His aspect comes from his mythos. The antlers that pierced his abdomen were placed upon his head during his healing and recovery. And whether it was days, weeks or months between the accident with the stag and his suicide, the antlers followed him into the afterlife.
Outside of a UPG or SPG (unverified/shared personal gnosis) knowing, we know that this is how Herne presents himself through the earliest (publically available) written description of Herne from Shakespeare’s play, ‘The Merry Wives of Windsor’.
There is an old tale goes that Herne the hunter,
Sometime a keeper here in Windsor forest,
Doth all the winter-time, at still midnight,
Walk round about an oak, with great ragg’d horns…
“…with great ragg’d horns.” I love that imagery. I’ve always pictured it as antlers covered in vines and grass and twigs, as I imagined that (in the early days especially) he would need to get used to having them protruding from his skull. He would need to get used to the weight of them, moving with them, and the changes in spacial awareness.

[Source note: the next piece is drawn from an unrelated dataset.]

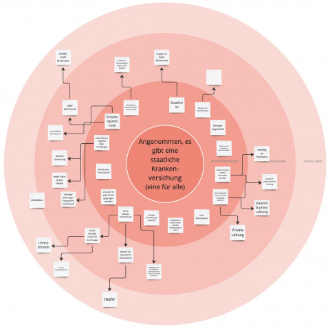 Um ein tieferes Verständnis zu einer offen Frage zu bekommen, wurde ein Futures Wheel ausgefüllt.
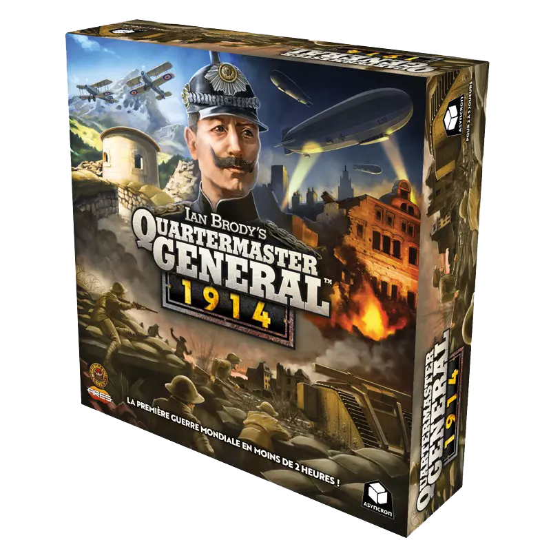 Quartermaster General : 1914 est un jeu au rythme effréné qui oppose les puissances centrales d'Allemagne, d'Autriche-Hongrie et de l'Empire ottoman aux puissances de l'Entente de Russie, de France, d'Italie, du Royaume-Uni et des États-Unis. Basé sur le système populaire Quartermaster General, ce jeu de guerre piloté par des cartes reflète l'intrigue militaire, économique et politique de l'époque.

So why did he come to present himself first as a Spirit of Windsor Forest, then later as Deity, with antlers?
We can see with images throughout history of the importance of antlers within aspects of fertility, of masculinity, (of femininity when looking at Elen of the Ways, so a balance of energy in that regard) but also as a representation of man’s connection with nature. I can’t talk for the British Isles as I’m an Australian who’s never stepped foot there, but from the story of Herne and the knowledge that a white stag is so incredibly rare that the King must have the honour of bringing it down, we can see the importance of stags within the animal kingdom at this stage in time.
If you have been watching The Crown on Netflix, there’s a scene in the early stages of season four where the Royal Family are around the table eating and discussing who would have the honour of bringing down the largest stag to have graced the Royal Grounds in an age.
Antlers are shed. They are regrown each season. The males use them in the rut, to combat each other for superiority, for rites within the herd. Within those few examples we can see it as an aspect of death, life, regeneration. As an aspect of strength and power. And to feel them grow each season, pushing through bone and sinue… the physical pressure and change and the ability to with stand that each season speaks to the strength of the animal, and in turn Herne.
Did He choose to come to Spirit with antlers? Was it apart of the spell that the Magi cast on Herne to assist with His healing? Was it all coincidence? Does He shed his antlers? How does Herne feel about them? Outside of UPG/SPG, who knows. One would assume he is used to them after 620 years from death (or there abouts).
[ Yes. When the math is done, given his connection to King Richard II, Herne would’ve died around 620 years ago. ]
In a rare book on Herne, Herne the Hunter: a Berkshire Legend by Michael John Petry, it is mentioned that the Berkshire region to which Herne hails has very strong Anglo-Saxon connections, moreso than Celtic. That “…there is certainly no lack of evidence that among the Anglo-Saxon and Germanic tribes the stag was regarded as a symbol of political authority and kingly power.” Could Herne have chosen to come back with antlers as a way of showing authority over those who wronged him? Could it be his claim to the forest, his claim to the land he held so dear?
Unfortunately I seem to have created more questions than answers, but for those who work with Herne we can use these questions to ask Him, to get to know Him better, and maybe in ways we hadn’t considered.